Assignment
This exercise asks for every line of the material that contains the word "Unidade".

Data records
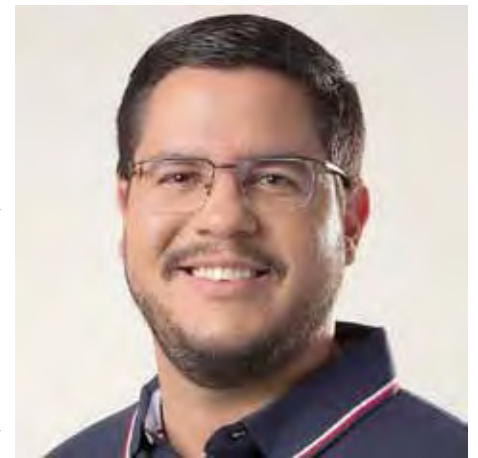
Teatro Mário Covas.

Além disso, a administração cancelou todos os eventos do calendário oficial e os que são apoiados pela Prefeitura, além de determinar o fechamento do MACC (Museu de Arte e Cultura de Caraguatatuba), Biblioteca, Videoteca Lúcio Braun, Auditório Maristela de Oliveira e
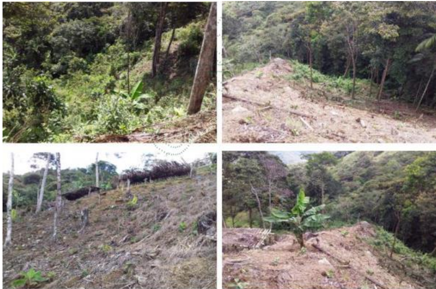
Imágenes de la visita realizada
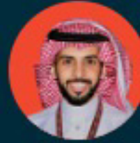
عبدالعزيز الشلاحي مخرج
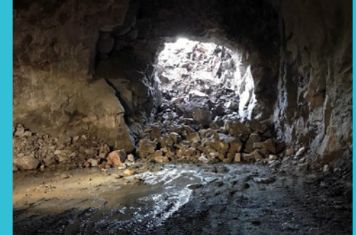
Liipolan tunnelin läntisen suuaukon puhkaisu on aloitettu.
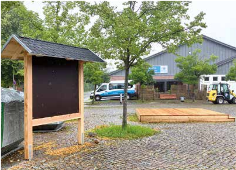
Plakatwand und Bühne
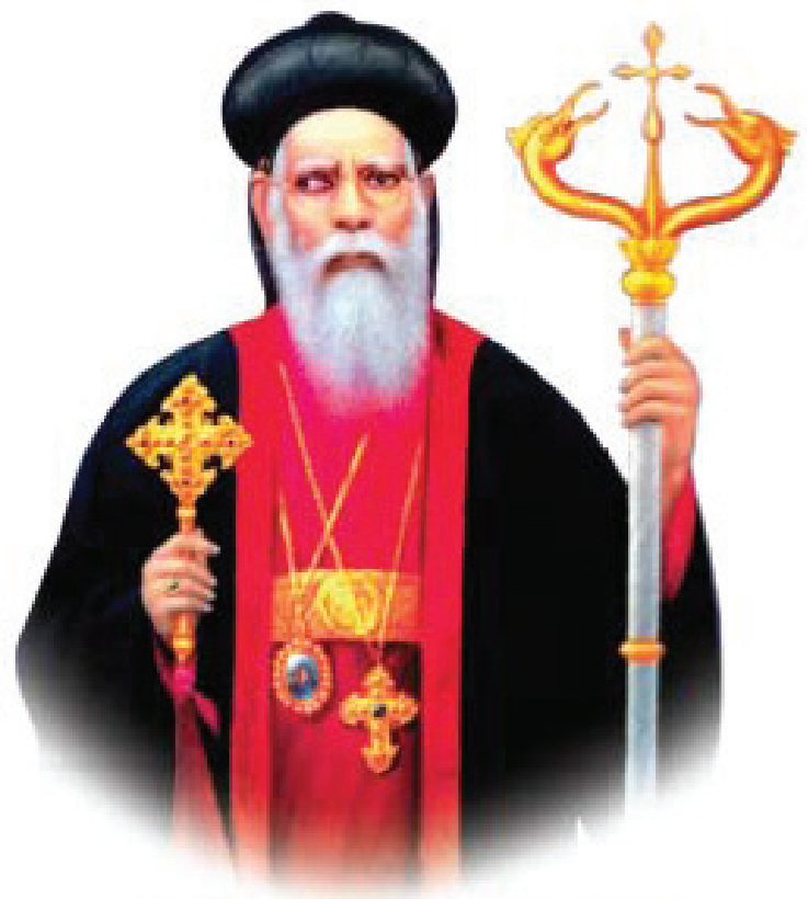
St. Dionysius Vattasseril (Malankara Sabhaa Bhaasuran)
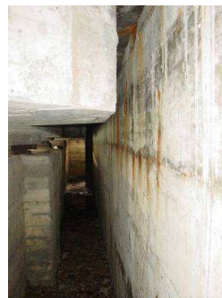
Abb. 4: Sentibrücke 3, Widerlagerrückwand: Bewehrungskorrosion, hervorgerufen durch Wassereintrag via undichtem Fahrbahnübergang

Die Nationalstrasse A2 überquert zwischen den beiden Tunnels Sonnenberg und Reussport die Reuss. Zusätzlich zu den eigentlichen Fahrspuren der Autobahn bestehen in Fahrt-Richtung Gotthard eine Ausfahrt nach Luzern sowie in Fahrtrichtung Bern/Basel eine Einfahrt. Mit insgesamt drei Brücken wird die Reuss und mit zwei weiteren Bauwerken die Stadtausfahrt überquert. Der Bau dieser fünf Brücken erfolgte zwischen 1972 und 1973.
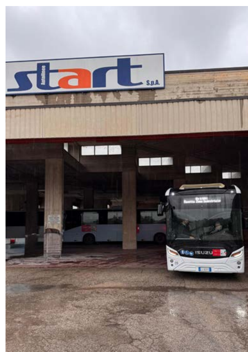
La navetta è prenotabile tramite un'app dedicata

Novità in arrivo anche per le navette gratuite che collegano al centro storico. Da gennaio verrà modificato il loro percorso, per garantire una migliore e più celere fruizione del servizio, prevedendo l'attraversamento di corso Trento e Trieste in direzione nord-sud. L'impegno verso una mobilità sempre più sostenibile è stato certificato anche dalla candidatura del Comune di Ascoli Piceno alla nona edizione del premio Urban Award, il riconoscimento rivolto ai Comuni che nasce dall'esigenza di innescare una gara virtuosa tra città sui progetti di mobilità sostenibile che possano concretamente portare i cittadini a preferire altri mezzi di trasporto rispetto all'automobile.
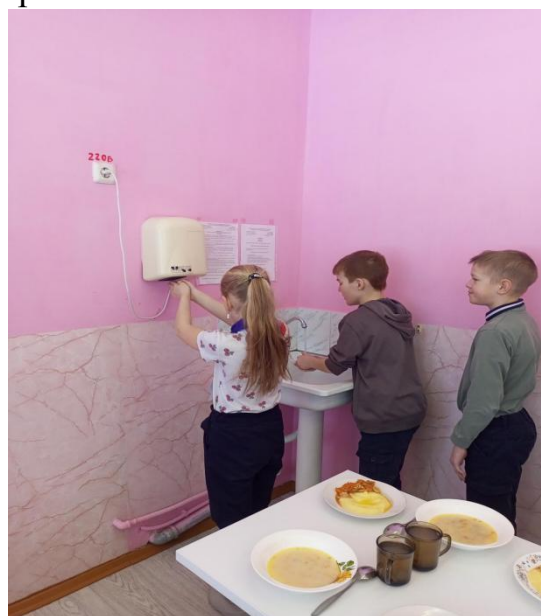
и личная гигиена учащихся
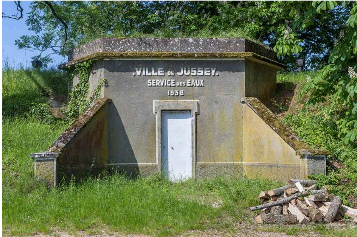
La face antérieure.
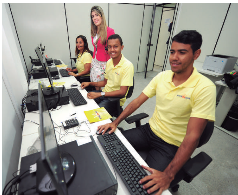
Unidade Modelo aqueceu a economia de Itabuna

Unidade grapiúna significou um investimento da ordem de
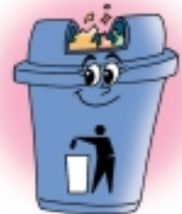
รับขยะทั่วไปครับ

Answer
Unidade Modelo aqueceu a economia de Itabuna
Unidade grapiúna significou um investimento da ordem de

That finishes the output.